September has been a long month for the bond market as rates quickly trudged back up to levels that aligned with our more pessimistic assumptions for 2018. With strong average hourly earnings to start the month and several other upper tier economic reports coming in at the best levels in many years, it wasn't too hard to reconcile the weakness. We've been forced to watch and wait for the first ray of sunshine to peak through the clouds.
After the past 3 days of trading, we have our first potential break in the clouds.
The most highly risk-tolerant clients and originators will be justifiably tempted to float here. That's been the case since Wednesday afternoon's Fed events (or possibly as early as last Friday for the truly bold who believed the year's previous highs would continue to provide ceiling support.
Keep in mind that floating continues to be a short-term, tactical endeavor in this market. The mere fact that we bounced before hitting the year's previous highs doesn't mean we won't have to contend with those levels ever again. Worst case scenario, it merely means that September has already seen as much selling as it could have seen due to traders' underlying positions (many of which are compulsory based on the preferences of retail clients), and that once the flag goes up on October, it will be 'game on' for selling bonds again.

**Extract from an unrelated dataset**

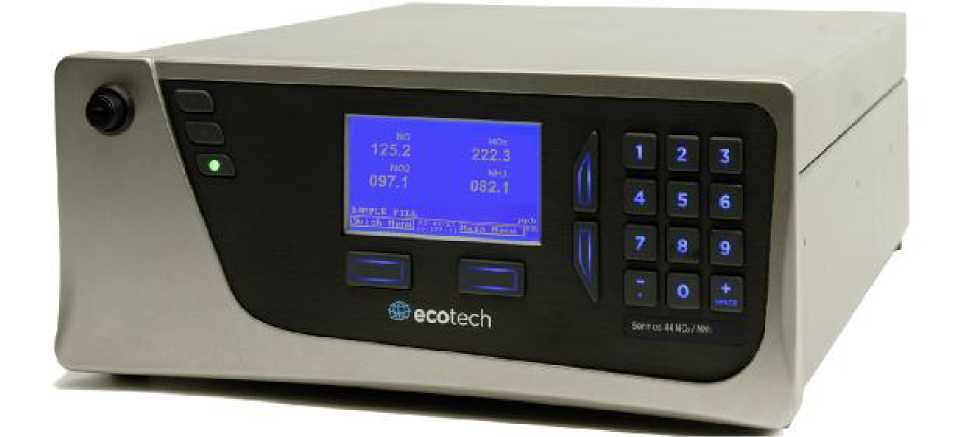 Газоанализаторы Serinus 44 (рис. 2) предназначены для измерений содержания аммиака, оксида и диоксида азота, суммы оксидов азота NOx, и состоят из анализатора и конвертера, в котором аммиак превращается в оксид азота. Анализаторы измеряют объемную долю TNx (суммарное содержание NH3, NO2 и NO), NOx и NO. Содержание NO2 вычисляется как разность NOx и NO. Содержание NH3 рассчитывается как разность значений TNx и NOx. Значения объемной доли всех перечисленных компонентов выводятся на дисплей.
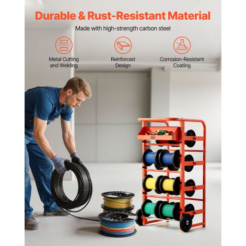 VEVOR Wire Spool Rack, 11 Rods, Multi-Spool Wire Rack Dispenser, Cable Caddy with Wheels, Cable Holder with Storage Tray for Wiring Storage, for Electrical, Industrial & Retail Use, Working Efficiency

But again, that's the worst case scenario. There's also a scenario where bonds are legitimately seeing a show of support here. Either way, we need to be cautious about the hand-off to October (Monday) and keep in mind that tactical/short-term float decisions rule the day. In other words, if we continue gaining ground today, and if lenders do a decent job of passing on those gains to rate sheets, this afternoon merits a hard look with respect to locking. For everyone else, or for those just following along and looking for hope, keep an eye on 3.05-3.06% as a short-term ceiling. As long as it holds today and Monday, the game remains on.